Salah satu kekhawatiran utamanya adalah pengaruh media sosial yang mendorong pemain muda bergerak terlalu cepat dan membandingkan perkembangan mereka dengan orang lain. Ander Herrera mengingatkan bahwa mengambil dua langkah sekaligus tidak otomatis mempercepat tujuan, bahkan dapat menciptakan keputusan yang merusak proses pembentukan karier.
Ia menjadikan pengalaman sendiri sebagai contoh karena pernah menjadi salah satu pemain terbaik di akademi Zaragoza dan memiliki kesempatan pergi lebih cepat, tetapi memilih bertahan. Menurut Herrera, data internal klub menunjukkan pemain yang bertahan memiliki peluang lebih besar mencapai sepak bola profesional.

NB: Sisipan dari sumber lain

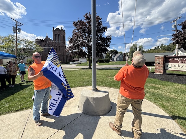 Holley DPW employees Mike Church, left, and Ryan Johnson get the new Holley flag ready to be raised for the first time.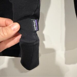 Classic black hoodie with iconic Patagonia logo. Comfortable and stylish for everyday wear.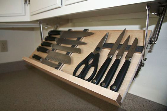 你可能没有想过,吊柜的底部也是可以利用起来的!比如这款安装在底部的刀架,用磁铁来固定刀具安全而便利,不用的时候把它推回去,一点儿都不占台面,可以让台面时刻保持清爽。
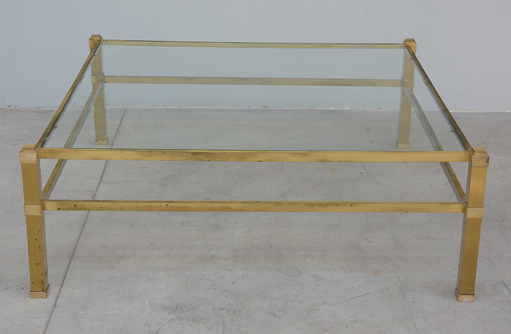 Tavolo da salotto di forma quadrata in ottone, piano in vetro (cm 101x44x101) (difetti, piano scheggiato)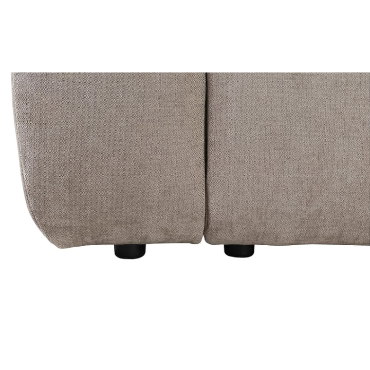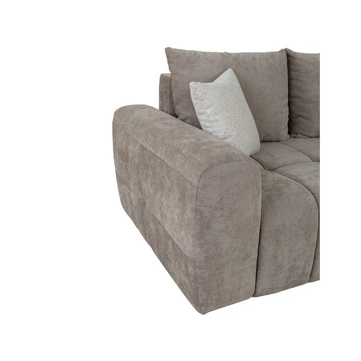 W zestawie znajdują się trzy duże poduszki oparciowe oraz trzy poduszki dekoracyjne, które podnoszą wygodę i nadają całości subtelnego uroku. Komfort siedziska i oparcia opiera się na połączeniu sprężyn falistych z pianką poliuretanową, co gwarantuje wyjątkową miękkość, odporność na odkształcenia. Siedzisko o szerokości 242 cm, umieszczone na wysokości 43 cm, z głębokością 86 cm, ozdobiono dekoracyjnymi przeszyciami, które tworzą efektowną, trójwymiarową strukturę.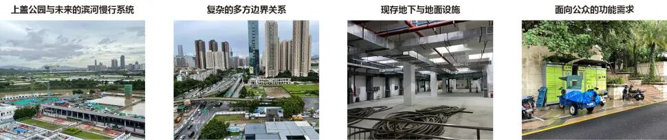 设计从场地的四个核心问题出发:上盖公园与滨河慢行系统的连接、复杂边界条件的应对、地下与地面设施的共生,以及社区和公众对功能的期许。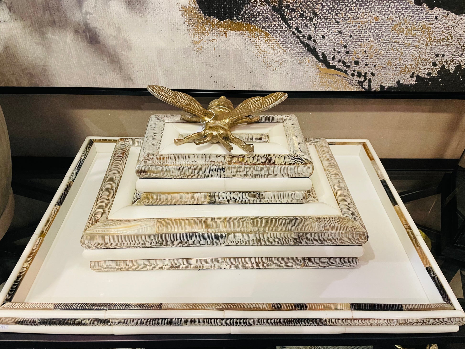 Luxe bewaardoos 'Wave' van RAF deluxe is prachtig als decoratie item op een bijzettafel of vakkenkast. Handgemaakt van hoorn in 2 bewerkingen, egaal en geribbeld hoorn om deze elegante en uniek ontworpen box te creëren. Stijlvol en tegelijkertijd praktisch te gebruiken als opbergbox. Elk item is uniek!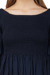 Navy Smocked Off Shoulder Blouse, Double Layer Attire, 100% Cotton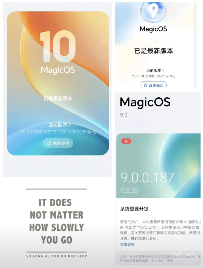 万万没想到!荣耀在这时候竟然还藏着大招,实在是太狠了! 大家都在盼着荣耀MagicOS10的到来,想要体验超越鸿蒙5和ios18的流畅度,还有包括后台堆叠、AI通话等功能。 而对于MagicOS10的发布,最早也要在9月底,却不想在8月份,荣耀给期待MagicOS10的用户提前带来了新功能的体验,那就是Magic7已经推送更新的187版本,共计1.56G的大小,包括AI通话功能等等,属实是让用户能够提前感受到MagicOS10的新功能体验啊! 不得不说,这一次187版本的更新,确实是出乎了很多人的意料啊!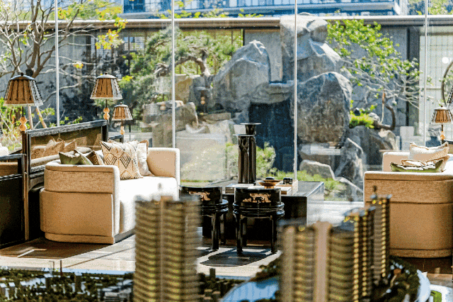 穿过大门,便抵达以岭南名园“余荫山房”为灵感打造的“余荫山堂”会所大堂。这里空间高挑,光线透过精致的格栅与窗棂洒落,营造出静谧而富有文化韵味的过渡空间。而真正的惊喜,在于步出会所后豁然开朗的“中天云庭”。

Pandangan itu memberi dimensi lain bagi kepulangan Ander Herrera, karena kontribusinya tidak hanya diukur melalui menit bermain, gol, atau assist selama satu musim. Ia berpotensi menjadi penghubung antara generasi lama Zaragoza yang mengenal standar elite dan pemain muda yang membutuhkan contoh kesabaran.
Setelah pensiun, Ander Herrera belum menentukan apakah akan menjadi pelatih profesional, meski ia menegaskan sepak bola akan tetap menjadi bagian utama kehidupannya. Ia menyukai proses pembinaan dan tidak menutup pintu terhadap profesi kepelatihan, tetapi masih mencari posisi yang paling tepat untuk masa depannya.

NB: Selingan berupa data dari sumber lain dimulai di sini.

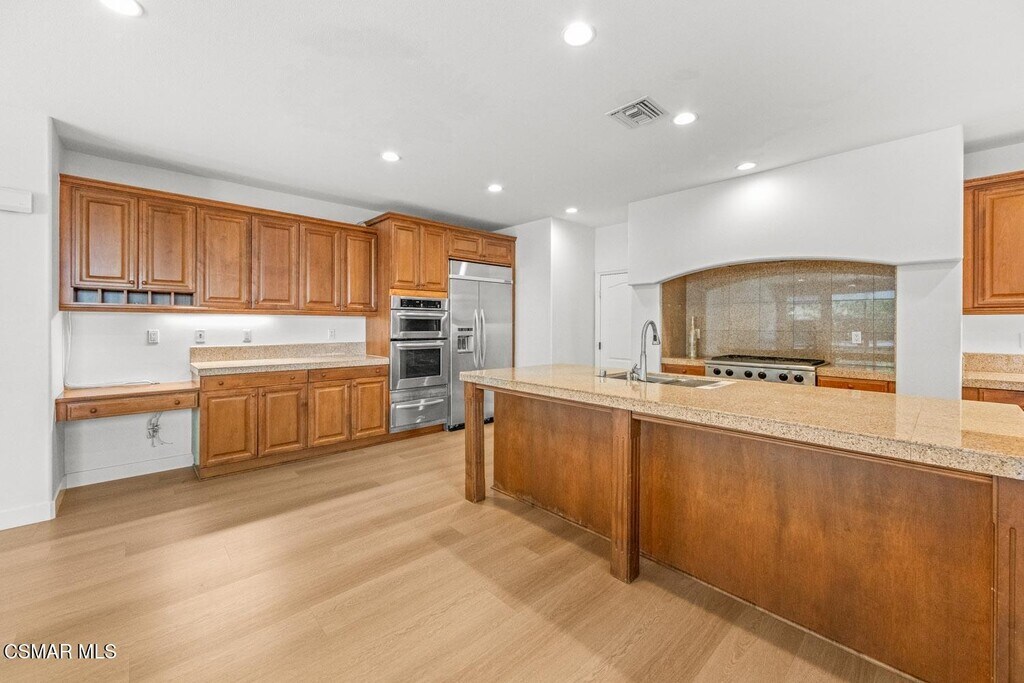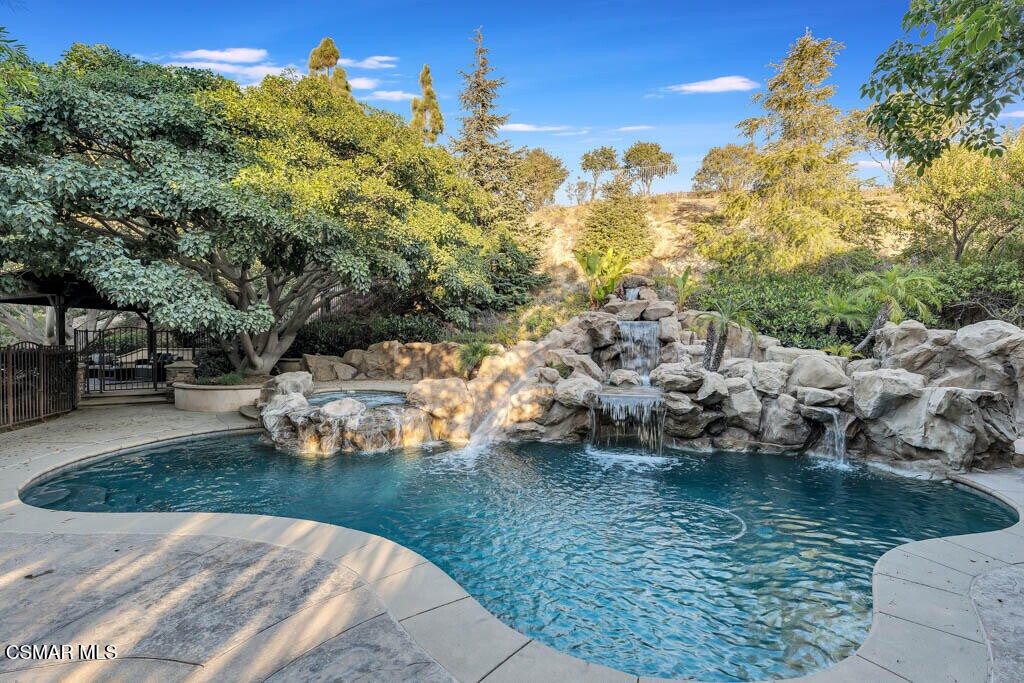Linda HutchingsEnjoy Absolute Peace & Serenity in your own private Resort Style Dos Vientos Residence! Over 4,000 sq.ft. at the end of cul de sac on a 20,000+ square foot lot with the most amazing private yard backing open space. Magical Pool w/ cascading waterfalls, spa & WATERSLIDE. Enjoy Entertaining large gatherings with the enormous covered pavilion that fits a spacious dining table plus sitting area; Patio with Outdoor Fireplace and Grassy area. Immaculate 5 bedroom home with recently installed wide plank wood-like flooring throughout. Entertaining is a dream with the formal Living Room & Formal Dining Room adjacent to the Spacious Great Room featuring Gourmet Kitchen with Large Center Island, Granite Counters, Stainless Steel appliances, large eating area open to Huge Lounging Area with Fireplace/Entertainment Center. Primary Suite w/ Library Retreat, Fireplace, Office Nook, Jetted Tub, Separate Vanities, Organized Walk-In Closet. Crown Molding, Plantation Shutters, and so much more! One Bedroom & Bath Downstairs. Downstairs Bedroom does not have a closet. Enjoy epoxy floors in large garage. Separate hidden third car garage for additional storage. Fall in Love Here! This is a one of a kind Dos Vientos home. Do not miss this opportunity! Enjoy fabulous parks, tennis, playgrounds, hiking trails and the best schools all just steps away.

Jika memilih jalur tersebut, Ander Herrera memiliki banyak referensi dari Basque Country, wilayah yang melahirkan sejumlah pelatih elite di Liga Inggris. Xabi Alonso menangani Chelsea, Mikel Arteta memimpin Arsenal, Unai Emery berada di Aston Villa, sedangkan Andoni Iraola menjadi pelatih Liverpool.

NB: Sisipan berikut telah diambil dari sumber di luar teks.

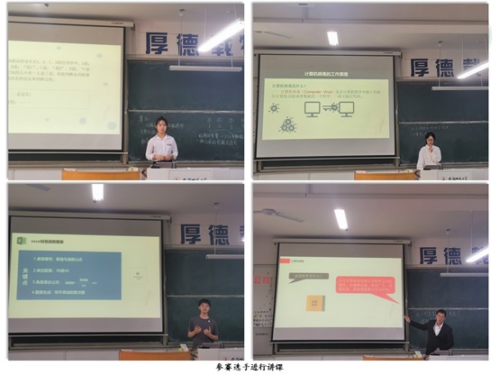 为体现师范生专业能力,提升学生专业素养,本次比赛采用说课(5分钟)和无生授课(15分钟)两种方式进行,9位参赛选手按照赛前抽签顺序依次上场。说课过程中,同学们分别从教材、学情、教法、学法、教学用具、教学过程六个方面熟练、生动地阐述了自己对一节课的理解与设计。讲课环节,各位选手亦是准备充分,目标明确,思路清晰,设计了提问、讨论、答疑等多种课堂活动,充分运用图片、视频、幻灯片等有趣的教学材料,呈现出一节节各具特色的信息技术课程。同学们流畅精炼的语言,优美整洁的板书,端庄大方的仪态,赢得了在场观众与评委老师的阵阵掌声,展现出未来教师的优秀风采。
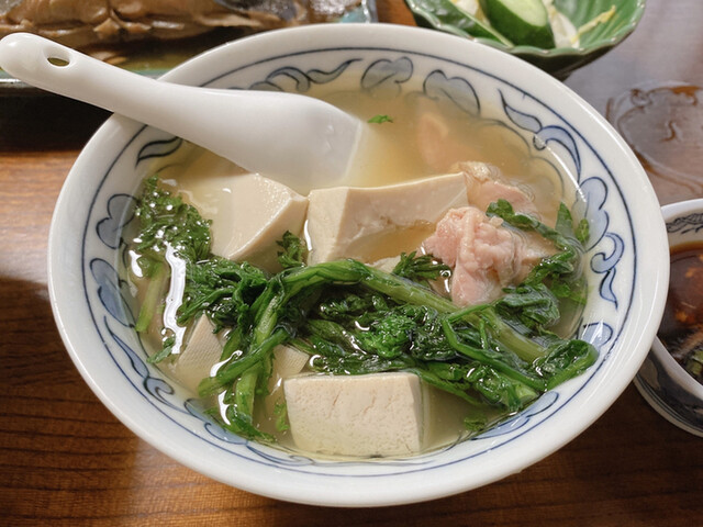 赤出汁のなめこと豆腐、三つ葉の味噌汁も良き!

Chelsea resmi menunjuk Xabi Alonso mulai Juli 2026, sedangkan Liverpool mengangkat Andoni Iraola pada Juni setelah tiga musim progresif bersama Bournemouth dan keberhasilan membawa klub itu ke kompetisi Eropa. Keberadaan mereka memperkuat pandangan Herrera bahwa budaya kerja Basque memiliki pengaruh khas terhadap perkembangan pelatih.
Menurut Ander Herrera, karakter Basque berkaitan dengan kapasitas bekerja, menghormati olahraga, menjaga kebanggaan identitas, dan terus memperbaiki diri setiap hari. Ia menganggap kecintaan masyarakat terhadap hal lokal begitu kuat, sehingga pola tersebut juga tercermin dalam cara para pelatih Basque menjalani sepak bola.
Namun pembicaraan mengenai masa depan masih berada di belakang satu misi utama, yakni membantu Real Zaragoza keluar dari periode tersulit dalam sejarah modern mereka. Ander Herrera ingin mengakhiri karier dengan sukses di rumah, yang berarti membawa klub mendekati kembali tempat yang menurutnya pantas.
Karena itu, kisah Ander Herrera bermain gratis bukan romantisme kosong, melainkan taruhan reputasi pemain berpengalaman pada proyek yang jauh dari kemewahan sepak bola elite. Ia membawa pengalaman Eropa, ketenangan, identitas lokal, serta pesan bahwa karier tidak selalu harus berakhir di tempat dengan bayaran tertinggi.